TASK: Starting at the top line and ending at the bottom one, repeat the entries exactly and drop every picture.

(Dataset records)
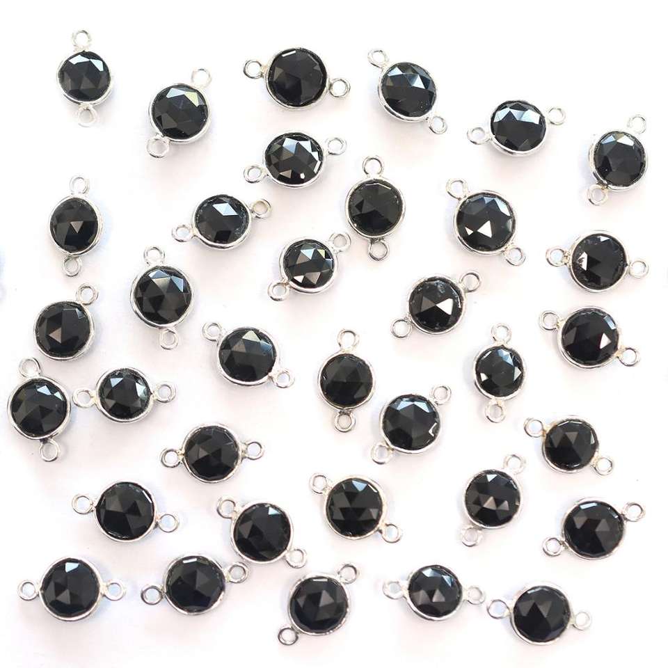 Connecteur plaqué argent avec lunette argentée de forme ronde en onyx noir
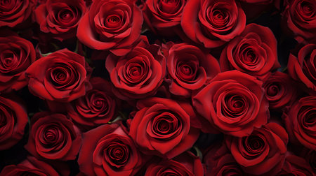 Immerse yourself in the beauty of natural fresh red roses. This pattern wallpaper highlights a vibrant arrangement of red roses captured from a top view, offering a perfect backdrop for decor,
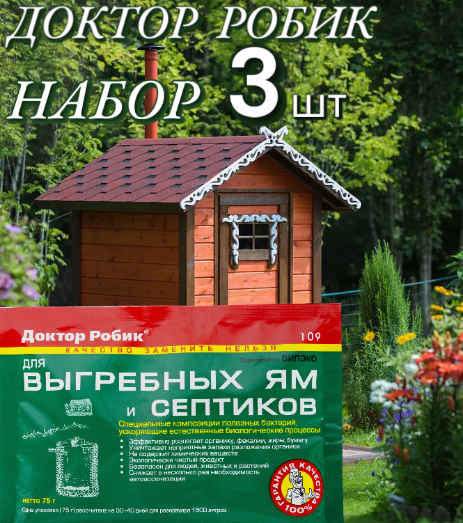 Средство для выгребных ям и септиков Доктор Робик 109, 75 гр, (3 шт)
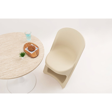 ●滑らかな曲線が生み出す独特のフォルムが目を引くスタッキングチェア。
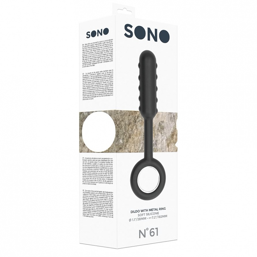Dildo-ul SONO cu inel metalic vine într-o varietate de înfățișări și formate, având întotdeauna o deschidere ergonomică în componentă de jos a jucăriei pentru o introducere ușoară cu unul dintre degete.
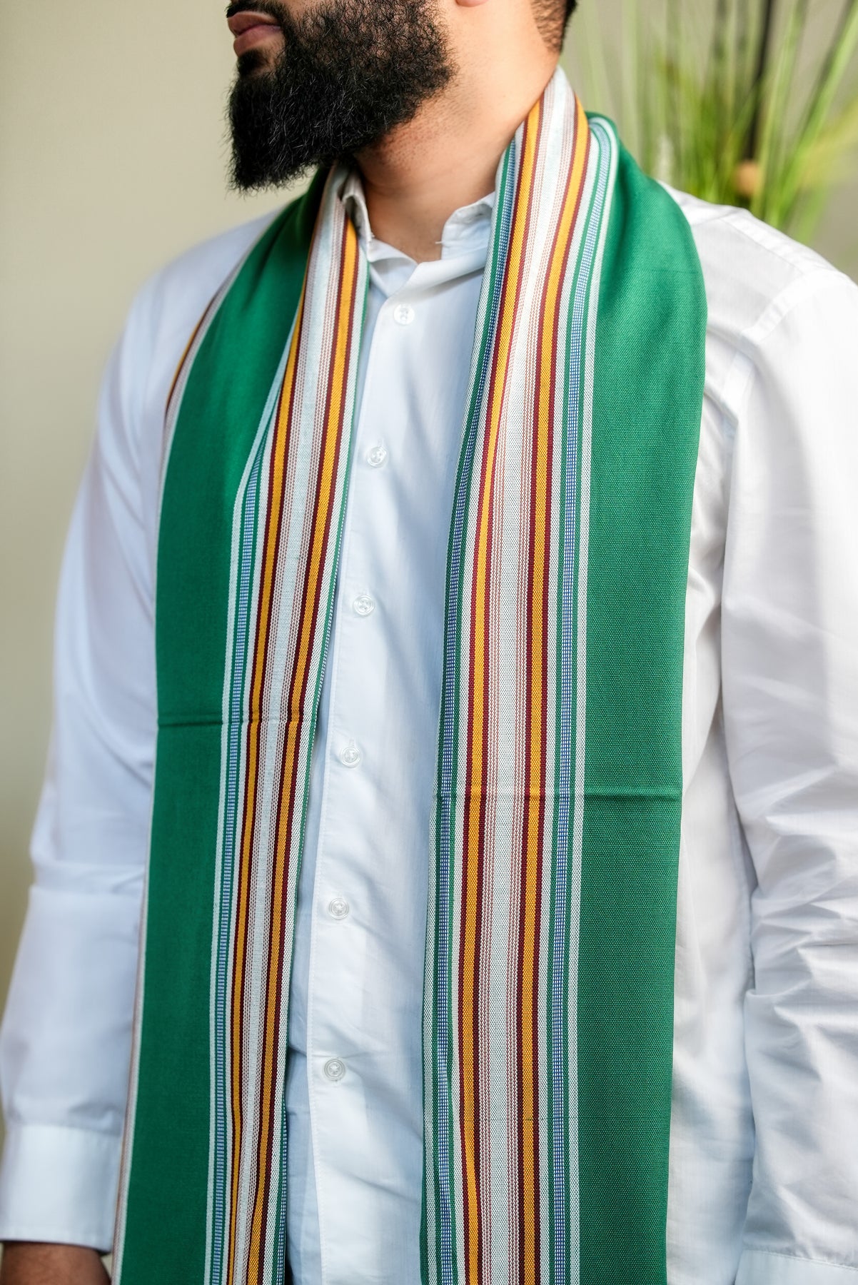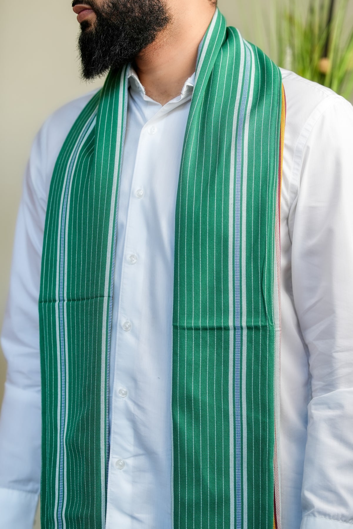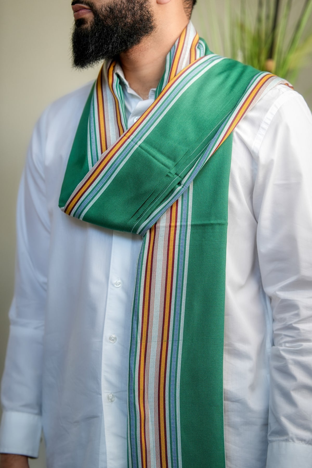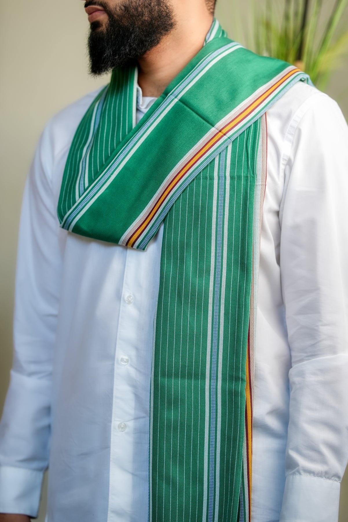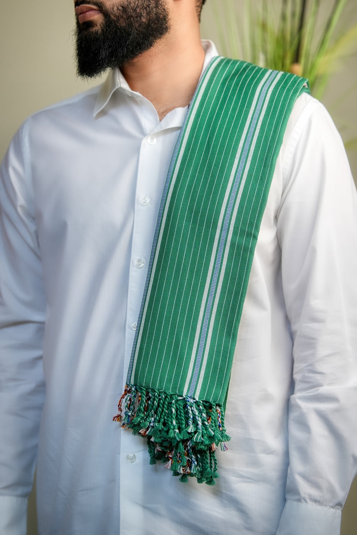 Introducing our ‘Jabal Grove Green’ shawl, inspired by the lush hills of Yemen where vibrant citrus groves cascade across mountain slopes. Its base is a rich, verdant green, evoking the vitality of leaves and fertile earth, while streaks of crisp white and warm orange flow across like sunlight dancing on ripening fruit.

WRITTEN SOLUTION:
 Connecteur plaqué argent avec lunette argentée de forme ronde en onyx noir
 Immerse yourself in the beauty of natural fresh red roses. This pattern wallpaper highlights a vibrant arrangement of red roses captured from a top view, offering a perfect backdrop for decor,
 Средство для выгребных ям и септиков Доктор Робик 109, 75 гр, (3 шт)
 ●滑らかな曲線が生み出す独特のフォルムが目を引くスタッキングチェア。
Dildo-ul SONO cu inel metalic vine într-o varietate de înfățișări și formate, având întotdeauna o deschidere ergonomică în componentă de jos a jucăriei pentru o introducere ușoară cu unul dintre degete.
 Introducing our ‘Jabal Grove Green’ shawl, inspired by the lush hills of Yemen where vibrant citrus groves cascade across mountain slopes. Its base is a rich, verdant green, evoking the vitality of leaves and fertile earth, while streaks of crisp white and warm orange flow across like sunlight dancing on ripening fruit.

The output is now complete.